Try runing a few tests, common unit test and even random test. Did you spot the corner case?

It fails only when x is the most negative fixnum, that is also a very rare case in a real program. (IIRC, the random test suit try to use more of this kind of problematic values.)

lmeyerov · on July 21, 2024

Close!

Generate the z3 too - as the need is to verify, not test. It can be a direct translation. For all inputs, is the optimization output equivalent. (Bootstrapping a compiler prototype via LLMs is nice though.)
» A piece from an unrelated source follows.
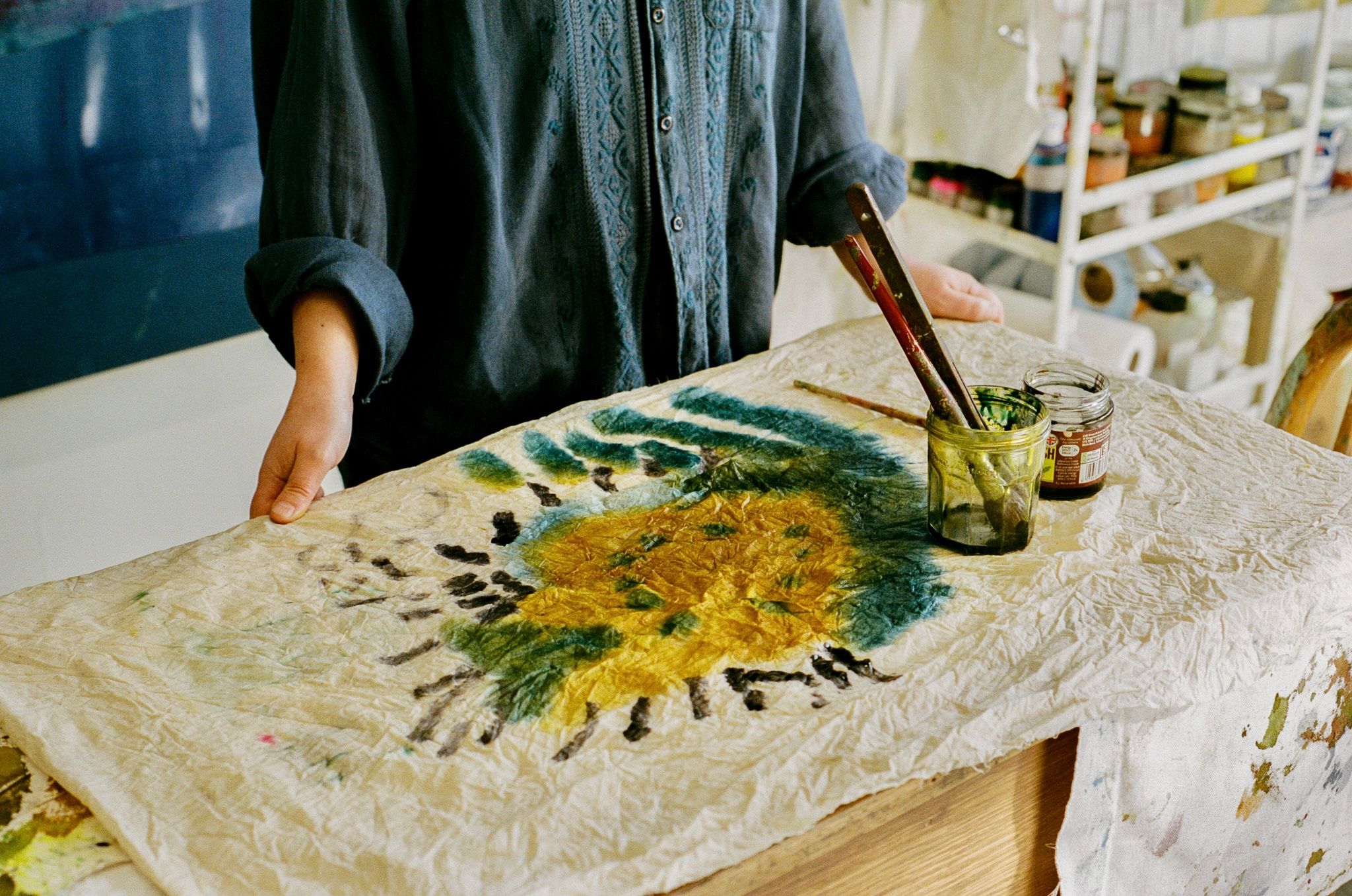 Working with dyes means giving up a lot of control. They are difficult to manipulate but I’ve come to see that uncertainty as a strength. Allowing chance into the process opens up outcomes I wouldn’t arrive at through intention alone. Working with this medium encourages a more intuitive way of working, where layers build over time and the work can shift between being dense and sparse. Often I’m surprised by the results, and those moments of surprise feel vital- they lead to discoveries that feel alive rather than overly resolved.

One place LLMs get fun here is where the direct translation to z3 times out, such as bigger or more complicated programs, and so the LLM can provide intuition for pushing the solver ahead.

SkiFire13 · on July 21, 2024

Tests can't ensure the correctness of an algorithm, only that it gives the correct output on a specific input.

aantix · on July 21, 2024

Depends on the comprehensiveness of the test.

petschge · on July 22, 2024

Sure, for booleans you can just test all combinations of input arguments. In some cases you can do the same for all possible 32 bit float or int values that you have as input. But for 64 bit integers (let alone several of them) that's not feasible.

stonemetal12 · on July 22, 2024

As long as we can agree that we are testing the application logic and not the compiler or hardware, then if (a > 4) {...} else {...} can be tested with just 3, 4, 5 no need to test -430 or 5036.

Known as boundary value testing, you partition all input into equivalence classes, then make sure your tests contain a sample from each class.

SkiFire13 · on July 24, 2024

Making sure the test contains a sample from each class is the hard part. For example in your `if` example above it may happen that the code computing `a` is such that `a >= 5` is impossible, so that equivalence class is never going to happen. As such you can't have a test for it, and instead you'll have to prove that it can never happen, but this reduces to the halting problem and is not computable.

And even ignoring that problem, there may be an infinite amount of equivalence classes when you introduce loops/recursion, as the loops can run a different amount of times and thus lead to different executions.

Even just considering `if` statements, the amount of equivalence classes can be exponential in the amount of `if` (for example consider a series of `if` where each check a different bit of the input; ultimately you'll need any combination of bits to check every combination of `if`, and the number is 2^number of ifs).

SkiFire13 · on July 21, 2024

For any practical input no test is gonna be comprehensive enough. Especially for something that has infinite possible inputs like programs.

aantix · on July 21, 2024

Is the scope a whole program or a specific algorithm?

SkiFire13 · on July 22, 2024

Even most algorithms would allow too many inputs. Even a simple algorithm computing the addition between two 64 bit numbers allow 2^128 possible input combinations, which would take billions of years to exhaustively check in the best case.